** Opening Input material block **

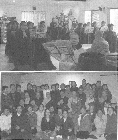 清早三點半,板響,隨之展開了一天的作息。穿著層層衣服,披著厚厚圍巾,大眾緩步進入佛殿。中、英語輪換的早課完畢後,念三遍楞嚴咒。法界佛教總會(法總)所有分支道場的每日功課差不多都是如此,只是這次很特別的是在澳洲。
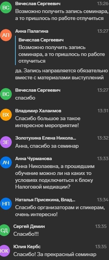Программа прошла на одном дыхании и получила хорошие отзывы участников. Дмитрий Подшибякин поблагодарил МИМОП за организацию обучения, возможность из первых рук поделиться важной информацией и довести до региональных отделений посыл президента ТПП РФ Сергея Катырина о необходимости развития, в частности, межрегионального направления работы арбитража.
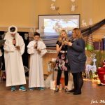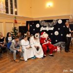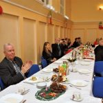 Po części artystycznej podzielono się opłatkiem i przybyli zasiedli do tradycyjnej wieczerzy wigilijnej.
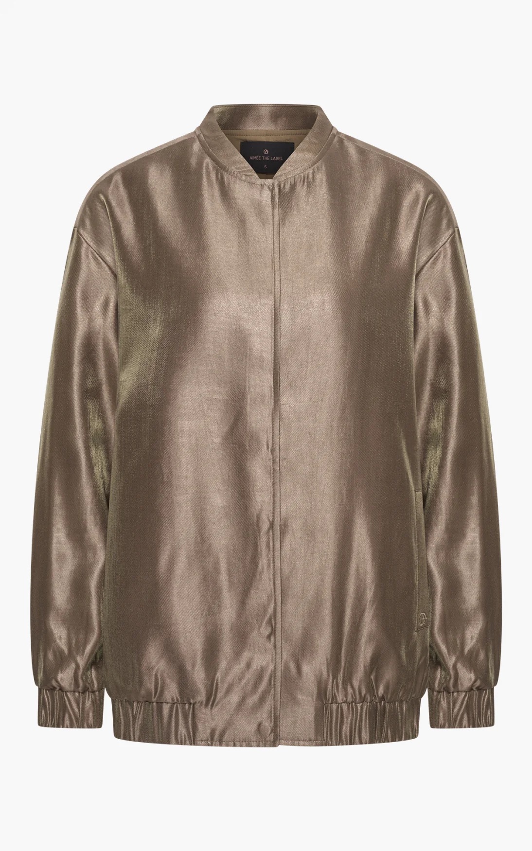 Glanzend jacket van Aimee the Label met lange mouwen, verborgen drukknoopsluiting, steekzakken en elastische boorden.
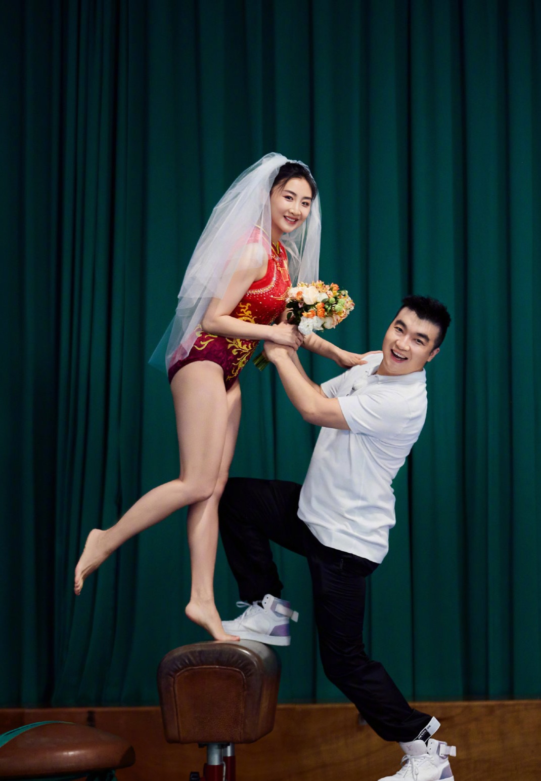 4月21日,31岁奥运冠军何雯娜结婚照曝光。照片中,何雯娜身穿奥运体操服、戴白色头纱一脸幸福。两人在体操馆里拍摄照片,梁超看向妻子的眼神里也是幸福满

** Closing Input material block **

What to work on: With the pictures excluded, the line containing "Программа прошла на" and every line after it through the end of the data above are to be transcribed exactly, and nothing more.

Task response:
Программа прошла на одном дыхании и получила хорошие отзывы участников. Дмитрий Подшибякин поблагодарил МИМОП за организацию обучения, возможность из первых рук поделиться важной информацией и довести до региональных отделений посыл президента ТПП РФ Сергея Катырина о необходимости развития, в частности, межрегионального направления работы арбитража.
 Po części artystycznej podzielono się opłatkiem i przybyli zasiedli do tradycyjnej wieczerzy wigilijnej.
 Glanzend jacket van Aimee the Label met lange mouwen, verborgen drukknoopsluiting, steekzakken en elastische boorden.
 4月21日,31岁奥运冠军何雯娜结婚照曝光。照片中,何雯娜身穿奥运体操服、戴白色头纱一脸幸福。两人在体操馆里拍摄照片,梁超看向妻子的眼神里也是幸福满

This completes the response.